**EXERCISE REQUIREMENTS:** Once the pictures are set aside, print the records that follow exactly as written.

───── DATA FOR ANALYSIS ─────

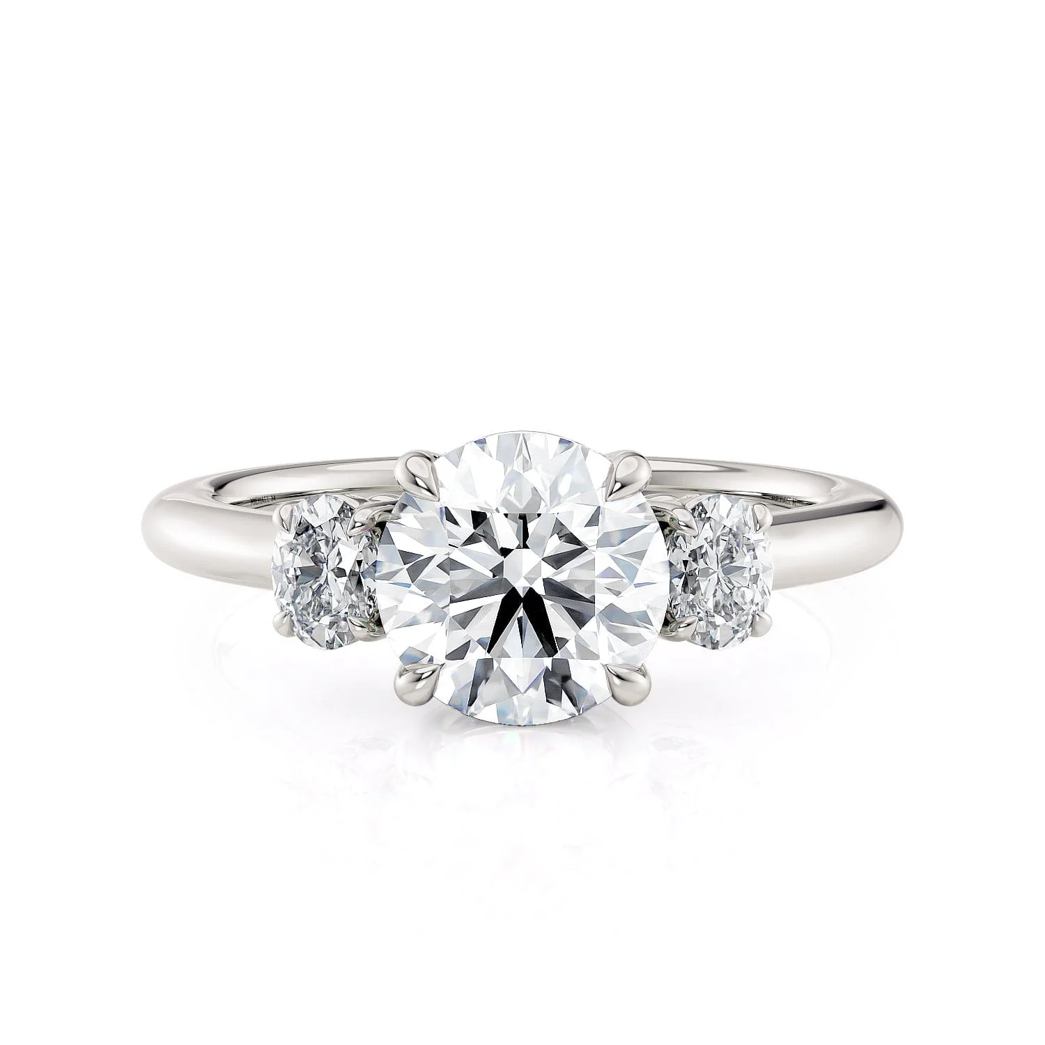 Our R806-1.5 engagement ring is a three stone ring that features round diamonds pave set under all three baskets and oval diamond side stones prong set. The meticulous detail and craftsmanship make this ring a showstopper. You can expect a timeless piece of fine jewelry that will last for generations.
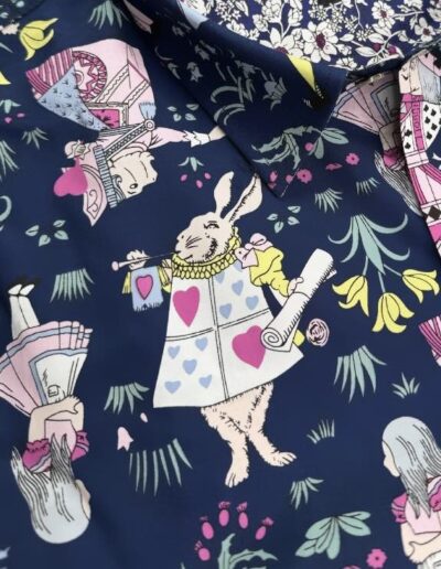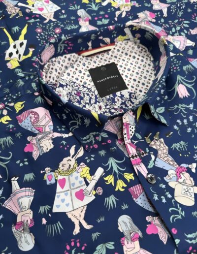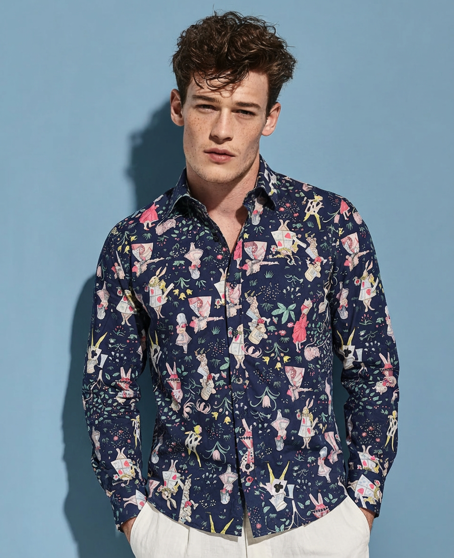 Une chemise imprimée Alice au pays des merveilles sur fond marine, pensée pour un style qui allie confort et sophistication.
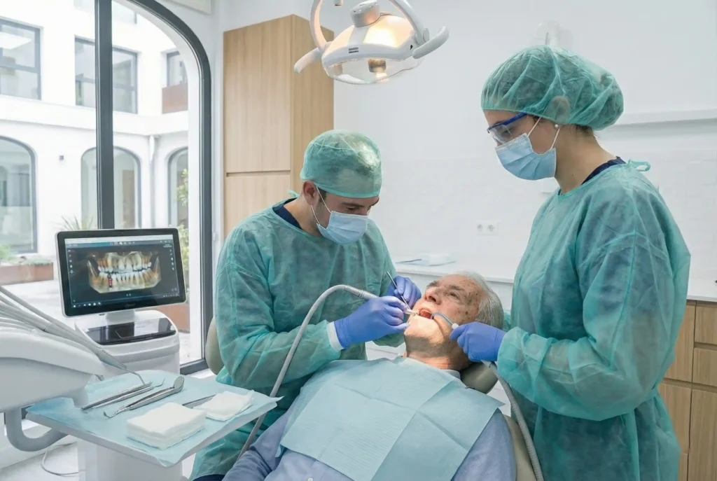 El implante se coloca mediante un procedimiento seguro y controlado, actuando como raíz artificial del nuevo diente.
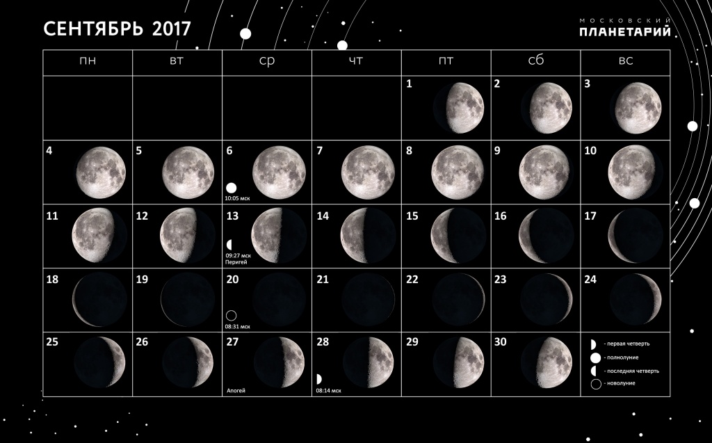 13 сентября –Луна в перигее, расстояние от Земли 369855 км (19:05)
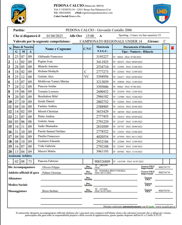 Arbitro: Matteo Caraglio (Cuneo)
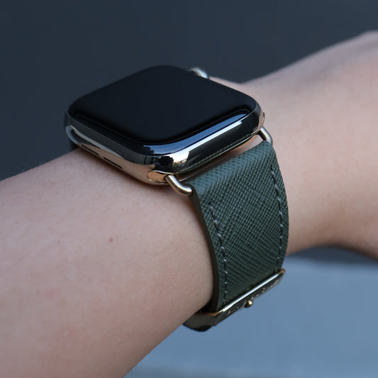 Saffiano Leather Apple Watch Band - Oak Green

─────

**TASK RESULT:**
 Our R806-1.5 engagement ring is a three stone ring that features round diamonds pave set under all three baskets and oval diamond side stones prong set. The meticulous detail and craftsmanship make this ring a showstopper. You can expect a timeless piece of fine jewelry that will last for generations.
 Une chemise imprimée Alice au pays des merveilles sur fond marine, pensée pour un style qui allie confort et sophistication.
 El implante se coloca mediante un procedimiento seguro y controlado, actuando como raíz artificial del nuevo diente.
 13 сентября –Луна в перигее, расстояние от Земли 369855 км (19:05)
 Arbitro: Matteo Caraglio (Cuneo)
 Saffiano Leather Apple Watch Band - Oak Green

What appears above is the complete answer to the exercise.